Caroline: And I have a question. I wanted to know. It's actually for the whole panel including yourself, Oprah, what has been your biggest lesson so far and your big aha! moment or a new realization that you really feel has freed you significantly?

Oprah: Okay. We'll start with you, Lizzy.

Elizabeth: Well, I've had many over my life. In my book, Broken Open, I write about the moment in my life when who I thought I was came crashing down, and it was from that moment, which was my divorce, when everything that I thought I needed to be in my life no longer was. Married. I was suddenly a single mother. I had very unstable finances. Before that happened, I thought I needed all those things to be me.

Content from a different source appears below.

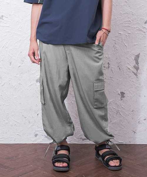 【カーゴポケットワイドパンツ】●理想のルーズ感裾絞りワイドパンツコーディネートに絶妙なゆるさをプラスする、カーゴワイドパンツの登場!普段のデザインはワイドパンツですが、裾にドローコードを通しており、絞ることでバルーンパンツとしてもお楽しみいただけるアクセントに効いたデザインに。ウエストには調節紐、バックにはゴムを通しており、穿きやすさにも拘った一本。●テロンとくせになる、滑らか夏素材動きに合わせてなびく滑らかなスーツ生地で仕立てました。薄手の生地感で夏の暑い季節にピッタリ。カラーリングも落ち着きのある大人な印象のラインナップに。■生地の伸縮性 ・・・ ウエストゴム部分のみ伸縮します■生地の透け感 ・・・ 部分的・淡色はやや透け感があります■生地の厚み ・・・ やや薄いです■裏地の有無 ・・・ 無し=============================【お買い物をもっと便利に楽しく♪】■商品のお気に入り登録をすると・・・完売カラー・サイズの再入荷通知や、ラスト1点の通知、お得なセール情報も受け取ることができます!■ブランドのお気に入り登録をすると・・・新商品や再入荷のお知らせなどいち早くブランドの最新情報を受け取ることができますのでご登録をオススメします!
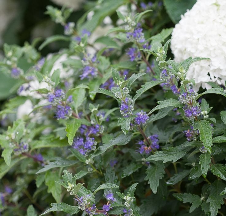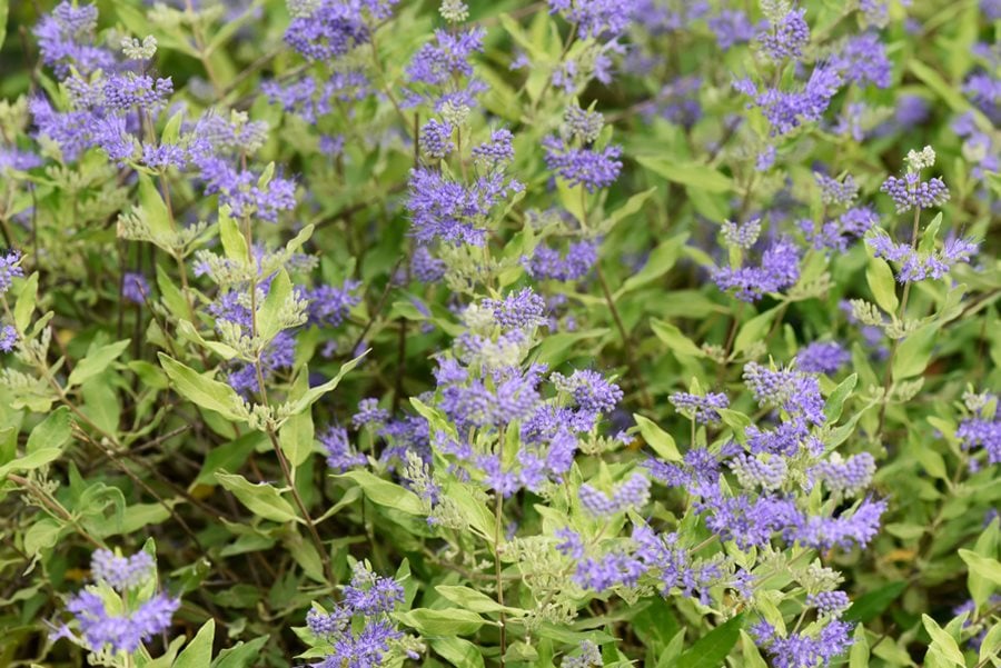Bluebeard, blue mist spirea—although not related to spring- and summer-blooming Spirea

And after they were taken away from me and I really was brought to my knees is when I found out who I really was. My strength. My self. And I—I gained an indestructible optimism and a sense of who—who—something that could never be taken away from me because it was me. So I would have to say that my biggest spiritual experience wasn't some sort of illuminated marvelousness. It was my hardest time. It was when I was brought to my knees stripped of my—of my self-image so that my true self-image was revealed.

Michael: Powerful.

Oprah: Michael?

Michael: Yeah. Like Elizabeth, I could probably talk a lot about what opened me up. But I would say the theme would be self-love and appreciation. That I was always—it's always easy for me to give and to share, and I think my path over the years has been to receive and to accept and so there has been this chipping away at whatever wall was there, not good enough, not worthy, those began to disintegrate through spiritual practice and through acceptance and through revelation and realization until I got to the core of who I am, which is good. Which is wonderful. And not in an egocentric kind of way. Just what God has wrought here. So I would say that's my theme over the last 10, 15 years that now I can—I have that within me. I feel good about myself. I feel—I feel good about Michael. He's a good guy. His intentions are high. His motivation is pure. He may make mistakes, but his motivation is pure and his intention is high. So I like who he is. I like Michael. And so that's been chipping away at all the dark places until that—that emerged.